Dennoch bleibt das Glück einer großen Fußballkarriere auch in diesen Regionen nur Wenigen vorbehalten, wie Ulises de la Cruz in der Dokumentation ¡Mete gol, gana! („Mach das Tor und gewinn!“) zu bedenken gibt: „Professioneller Fußball ist ein Sport, in dem immer nur elf Spieler auf dem Platz stehen können. Und wenn du eine Frau oder ein bisschen zu dick bist, darfst du gar nicht mitspielen“. Deswegen setzt er sich dafür ein, den Kindern seines Dorfes Piquiucho eine bessere schulische Ausbildung zu ermöglichen, damit sie neben dem Traumziel Fußballer auch Karrierechancen in anderen Berufen haben.

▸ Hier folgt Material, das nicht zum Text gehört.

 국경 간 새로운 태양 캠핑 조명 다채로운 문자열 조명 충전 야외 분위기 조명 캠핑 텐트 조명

Genau wie Ulises, der seine Klasse auf den Plätzen Brasiliens, Schottlands und Englands unter Beweis gestellt hat, haben auch andere erfolgreiche Fußballer soziale Projekte oder Stiftungen gegründet, um ihre Heimatdörfer bei den elementarsten Bedürfnissen zu unterstützen: Vom Bau einer einsturzsicheren Schule bis hin zu einer Einrichtung für Ultraschalluntersuchungen für die Frauen einer Gemeinde. Iván Hurtado und Carlos Tenorio arbeiten mit Kindern aus Esmeraldas, die Stiftung von Agustín Delgado kümmert sich um Kinder aus dem Chota-Tal. Sie sind nur einige von vielen Beispielen:
Ihre besondere Art, mit eigenen Mitteln soziale Hilfsleistungen in ihre Heimatregionen zu bringen, hat einigen von ihnen die Möglichkeit gegeben, sich auf die politische Bühne zu katapultieren. Nach einer erfolgreichen sportlichen Karriere kandidieren sie für Positionen als Bürgermeister, in Präfekturen oder sogar für die Nationalversammlung. Dort haben Agustín Delgado und Ulises de la Cruz momentan einen Abgeordnetensitz.

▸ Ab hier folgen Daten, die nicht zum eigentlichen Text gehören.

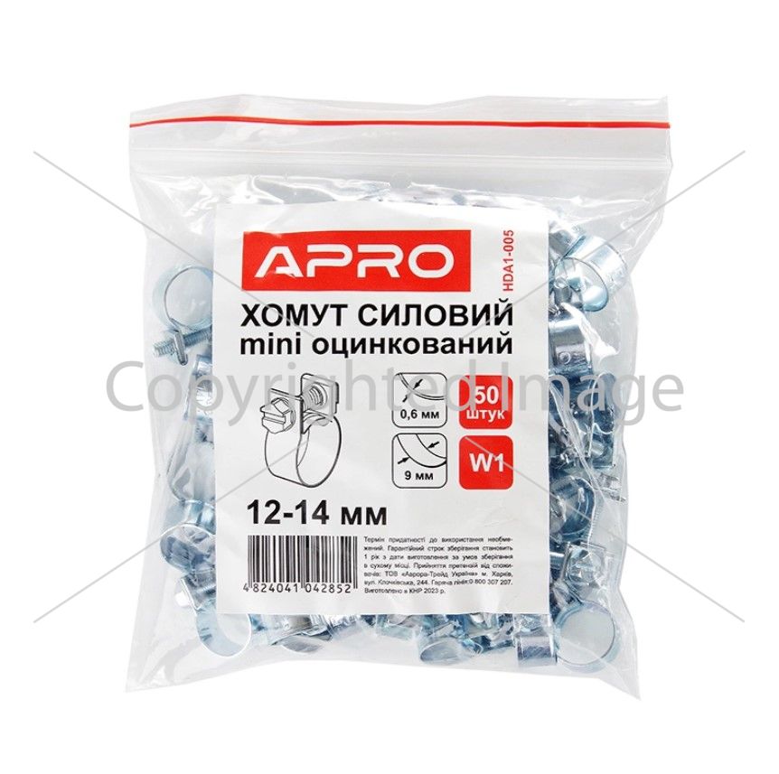 Хомут силовий Mini оцинкований W1 16-18 мм (пач 50шт) APRO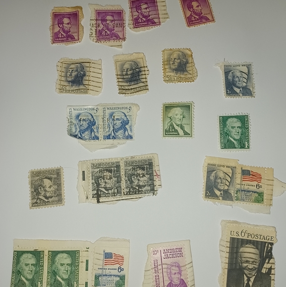 Inherited my grandfather's stamp collection there are a variety of Abraham Lincoln, George Washington, Dwight D Eisenhower, Andrew Jackson & more.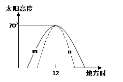 小题1:读图可知m、n两地正午太阳高度均为70°,且昼夜不等长,据此推测两地距离太阳直射点的纬度差为20°,并分居于直射点的两侧;而且该日太阳直射点不在赤道上。再根据m的昼比n更长些,推测m一定位于直射点所在半球的较高纬度地区。故判定:m地应该昼长夜短,n地有可能位于低纬地区。故选C。

Nach dem Debüt bei der WM 2002 in Japan und Südkorea und der erneuten Teilnahme 2006 in Deutschland, als man in das Achtelfinale kam, spielt das ecuadorianische Nationalteam 2014 nun seine dritte WM. Und erneut wird es von afro-ecuadorianischen Spielern angeführt: Superstar Antonio Valencia von Manchester United, aber auch Felipe Caicedo (früher unter anderem bei Manchester City und Lokomotive Moskau), Walter Ayoví (CF Pachuca), Segundo Castillo (Puebla FC) und viele andere schwarze Cracks werden das Land vom Äquator vertreten. Inspiriert sind sie dabei laut Eigenauskunft vom Gedenken an Cristian „el Chucho“ („der Köter“) Benítez. Den Stürmer, der mit vier Toren maßgeblich zur Qualifikation für das Turnier in Brasilien beitrug, riss im Juli 2013 eine rätselhafte Erkrankung im Alter von 27 Jahren schlagartig aus dem Leben und machte ihn dadurch unsterblich.

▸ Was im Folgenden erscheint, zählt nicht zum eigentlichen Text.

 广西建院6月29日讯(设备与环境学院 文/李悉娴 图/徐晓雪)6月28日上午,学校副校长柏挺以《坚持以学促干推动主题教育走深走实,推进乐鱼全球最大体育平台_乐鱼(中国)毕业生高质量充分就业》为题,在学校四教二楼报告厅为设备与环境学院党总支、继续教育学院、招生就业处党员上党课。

Trainer Reinaldo Rueda, erneut ein Kolumbianer, setzt bei der WM auf ein rigoroses taktisches Konzept, das er sich während seines Postgraduiertenstudiums an der Universität Köln aneignete. Das Land erhofft sich bei dem Turnier viel von seinen Spielern. Besonders gespannt dürften die Verwandten in Esmeraldas und im Chota-Tal sein.